An announcement for HTCondor 7.9.4 just came out, which got me thinking about upgrading from 7.8.4 to perhaps fix an issue.

My use of HTCondor results in each job producing a text file with summary information and an optional data file. The text file is used as a trigger to look for the associated data file, because the data file is not always produced. Submittals might contain thousands of jobs and each produces these output(s). Occasionally (4 times in ~4 months) at least one of those text files was not transferred at job completion and the program that manages the HTCondor submits (a task manager on the submit machine) waited for the text file to show up, but it never did. After the first time this happened, matching data files were transferred to the submit machine. Every time this has happened, condor_status eventually showed that all jobs completed, but yet the task manager waited. The first time this happened there were a number of missing text files (I didn't count, 10-20) and I don't know if any data files were missing.

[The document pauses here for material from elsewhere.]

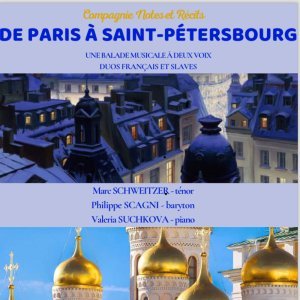De Paris à Saint-Pétersbourg, nous vous convions à une balade musicale à deux voix, un ténor et un baryton interprétant des duos slaves et français, d'inspiration tour à tour romantique, folklorique ou poétique. Au programme, Dvorak et Tchaïkovsky, Saint-Saens, Massenet, Chausson ... Des pièces pour piano seul et des airs solo complètent ce programme qui rend hommage à la musique de la fin du 19 ème siècle. Avec Marc Schweitzer, ténor, Philippe Scagni, baryton et Valéria Suchkova, pianiste.

Because the data output file is optional, if it fails to transfer, the task manager would not know. It didn't occur to me that this could be a problem. A workaround would be to put a flag in the text file indicating that a data file was produced to be sure to look for it, but the part that bothers me is that not all the files are making it back to the task manager.

Is this a network reliability issue? Is this something that other users have seen? Has it been addressed in a patch since version 7.8.4?